Saturday, March 7, 2015

Maps to the Stars (Brockway)

Tropic Sprockets by Ian Brockway

Maps to the Stars

Fans of David Cronenberg (Cosmopolis) will notice some similar terrain straightaway in "Maps to the Stars"  a Nathanael West (Day of the Locust) type black humor tale of a Hollywood gone to the narcissists. While the theme is not new by any means, Cronenberg makes the film his own by giving the characters his trademark spaced-out, yet strangely nervous tone.

We have a child actor Benjie (Evan Bird) who is offensive, aloof and nasty beyond nasty. He holds his head high, crane-like in an imagined heaven, drifting above it all, and a spurned sister Agatha (Mia Wasikowska) who is a victim of a fire and obsessed with Carrie Fisher. She scratches and frets.

To round off the gruesome group, there is  John Cusack as their father Stafford, a self satisfied guru, and Julianne Moore as Havana Segrand, an insecure and jealous actress. None of these people are likable but then again, one doesn't go to a Cronenberg film to see pleasant people.  The fun is in seeing how outrageous they are or how monstrous they become.

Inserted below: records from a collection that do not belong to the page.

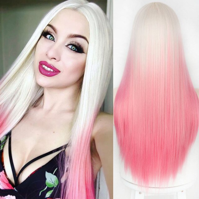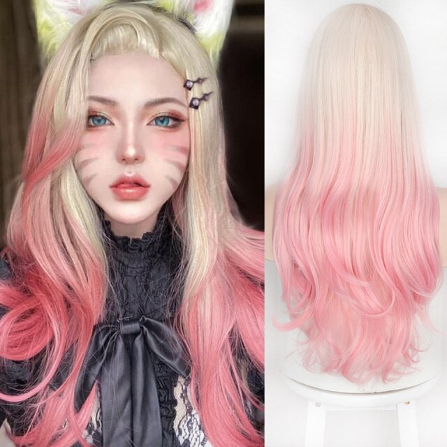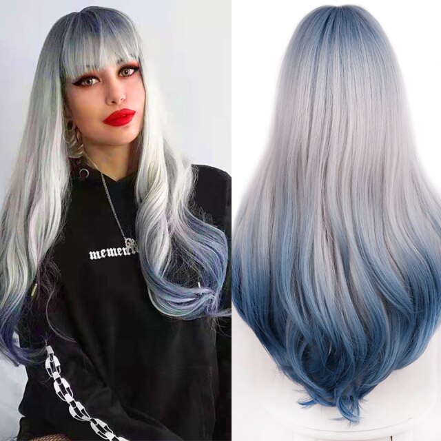 Long Ombre Blue Off-white Synthetic Wigs with Bangs Natural Wave Pinup Wig for Women Cosplay Party Heat Resistant Fiber
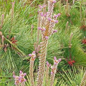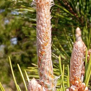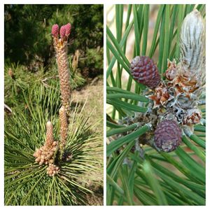 昨日のあなたはだ〜れ?その1の答 黒松(雌花)です。🤗 今年伸びた新芽の先に赤い小さな松ぼっくりの赤ちゃん(雌花)がついています。🤗🎵 左側は雄花ですが上がつぼみ下が花粉放出中 まるでつくしの頭が無数についているようです。🤗🎵💕 手でさわると煙のように花粉が飛びます。🤗🎵
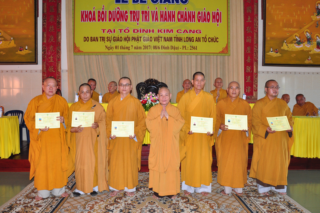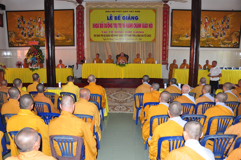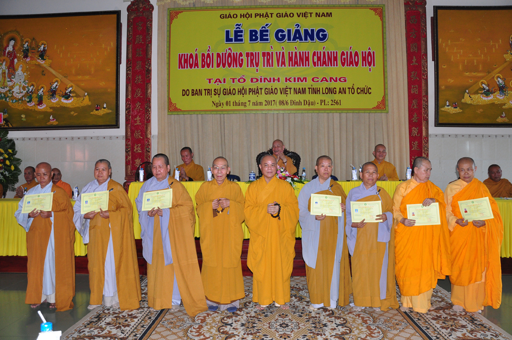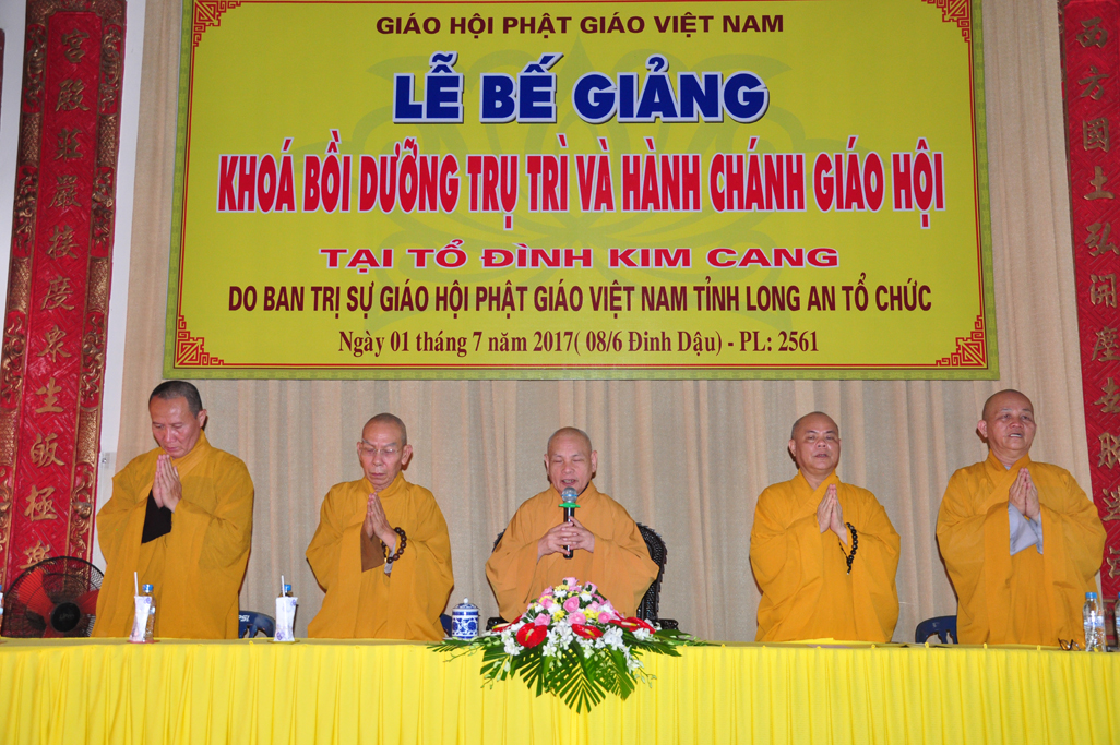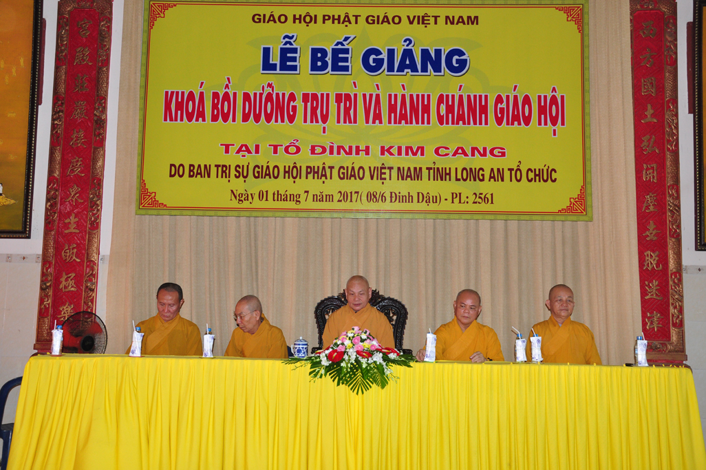 Sáng nay, vào lúc 09 giờ 30, ngày 01 tháng 7 năm 2017 (nhằm 08/6/Đinh Dậu) tại tổ đình Kim Cang, huyện Thủ Thừa, tỉnh Long An diễn ra lễ bế giảng khóa Bồi dưỡng Trụ trì và hành chánh Giáo hội năm 2017 do Ban Trị sự GHPGVN tỉnh Long An tổ chức.

Here everyone is selfish, manic and bothered by phantoms: literal incarnations of sadness, fear, guilt or the regret of inaction.

Havana is driven by a desire for fame and notoriety, a mediocre actor, she is absorbed by conquering a mother who sexually abused her. The snotty-faced Benjie feels his charm slipping away and wants to stay on top at all cost, to headline every teen movie. At a hospital he visits an ailing girl Cammy (Kiara Glasgo), and the actor vows to do a biopic of her life. Then, in the next instant he leaves without a word and verbally eviscerates his producer with offensive language.

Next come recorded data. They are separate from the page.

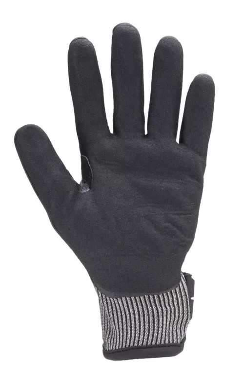 Szürke, varrás nélküli 13-mas kötésű kesztyű, HDPE-vel, elasztánnal erősítve. Duplán mártva nitrillel: az ökölcsont és az ujjak sima, a tenyeren érdesített nitril felülettel. A mutató és hüvelykujj között nitrillel erősítve, tépőzárral állítható mandzsetta
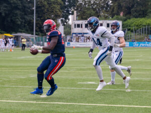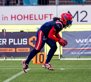 #11 Tamsir Seck (WR) Hamburg Sea Devils run with the ball.
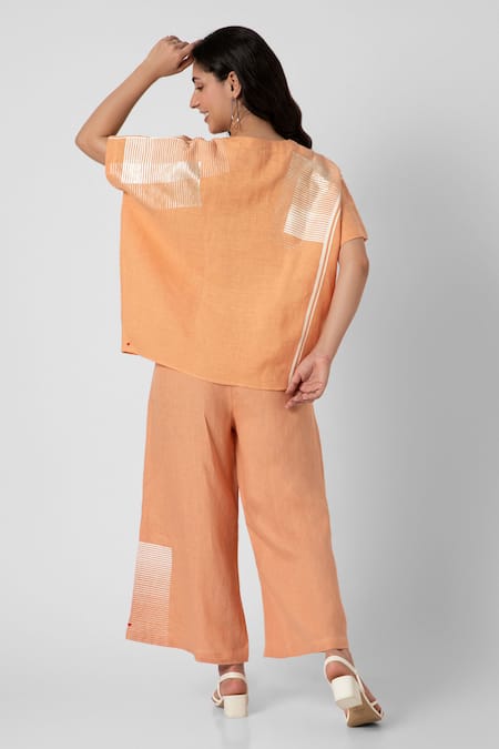 Orange top in 100% linen featuring a V neck and half sleeves with brick and linear placement prints. Paired with wide-leg pants that complement the top's design.

Benjie is visited in his dreams almost every night by Cammy, which drives the boy batty.  Havana too, is driven crazy by the ghost of her incestuous mother which drains the freckles from her face. Enter sister Agatha who wears long dominatrix gloves and is held together by the surrealist poetry of Paul Eluard.

Evan Bird's performance alone gives Damien from "The Omen" a run for the money, not too mention Patty McCormack from "The Bad  Seed," while Julianne Moore is eerily right out of the mind of Roman Polanski, as she scarily sends up her earnest, good girl persona. A bathroom scene is a taboo breaker and a possible nod to Alfred Hitchcock who always wanted to use a toilet in his films and finally got the chance in "Psycho".

While these flattened out, hyperbolic and bizarre types may not be to everyone's taste, it is after all quintessential Cronenberg country,  whose films represent strange realms where the people have odd conditions of the body and mind, and emotions are secondary or minor for no apparent reason.

If nothing else, there is haunting power in Mia Wasikowska's recitation of Eluard's love poem "Liberté" that anchors this mocking tale in a minor key, giving it a kind of sarcastic, yet Shakespearean power:

On any granted flesh
On my friends’ forehead
On every hand held out
I write your name...

This coupled with a last scene of  Benjie and Agatha, as they lie down together (still as brother and sister) makes "Maps to the Stars" a dark and sly poison pen parody of the tween epic "The Fault in Our Stars."

For the awareness of our current age that still spins in a surrealist arc, and its quickness in skewering most trends held sacred in cinema, "Maps to the Stars," despite having the flavor of automatic writing by employing the director's usual  types, still remains daring enough to see.